Initially, CIMC’s interpretation was accepted by Judge Waksman. Consequently, he replaced the contractual provisions with the schedule to the Scheme for Construction Contracts. The payment to CIMC and its due date was calculated on the basis of the value of the work performed.
Decision on appeal
The decision of Judge Waksman was reversed by Judge Coulson at the Court of Appeal.
It was emphasised that the legislature intended to ensure every construction contract had a minimum workable mechanism for interim payments. It was not to redistribute the commercial risks or invalidate any types of stage payments.
The concept of sign off was construed objectively.

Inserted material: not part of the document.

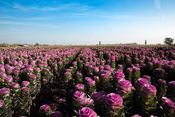 Brassica Empire Olga is a beautiful purple/red ornamental cabbage, with dark green outer leaves. The rounded leaves form a compact rosette, with a medium to late leaf colouring speed. The Brassica Empire series is the latest generation of high quality ornamental cabbages, which has rapidly made a name for itself. Throughout the floriculture supply chain, Brassica Empire is now widely appreciated. From the wholesale to retail and florists, there is an active demand for Empire. And not without reason. Extensive breeding efforts have resulted in a Brassica series with a great appearance, tall sturdy stems of at least 80 cm and a hardier leaf structure. Independent testing by Royal FloraHolland has proven the Empire series to be less sensitive to diseases, with a vaselife far above average and a strong reduction of the typical Brassica odour. Ask for the Royal FloraHolland research report to learn more >> Sow outside in spring, after which you can continue sowing in the greenhouse during summer. With a cultivation time of only 14 to 16 weeks, a high level of uniformity and an ideal stem length, Brassica Empire ensures an efficient harvest and a higher average percentage of harvestable product. After harvest, the vase life of the Empire series is also above average. Discover all varieties of the Brassica Empire F1 series and be amazed by the round-leaved, serrated or fringed varieties with trendy earthy colour combinations. Combine Brassica Empire Olga with Empire Anna and Empire Agathana for a 'Bestseller Collection'.

It meant the contractually compliant completion of a particular stage of the works so that they could be signed-off.
The fact that the contract did not state the precise timeline for payments – such as the dates for issuing invoices or deadlines for making payments – did not make the mechanism inadequate. Once the objective milestone completion occurred, the parties were to rely on their good business sense in those issues.
So the contractual interim payment mechanism was sufficiently adequate on its own. There was no need to supplement or replace it by the legislative scheme.
Judge Coulson took the interpretative course that did “the least violence to the agreement between the parties”.
This stance achieved a rational result. It would have been unreasonable to make Bennett liable for the substantial value of the delivered goods which did not correspond to the contract.
The decision of the Court of Appeal in Bennett fortifies the robustness of English law on several fronts: sound commercial outcome, predictability and freedom of contract. Those are the tenets making English law attractive to the business parties and esteemed internationally.
Anastasia Barich-Chivikova is a specialist legal writer with a PhD in Law from the University of Birmingham.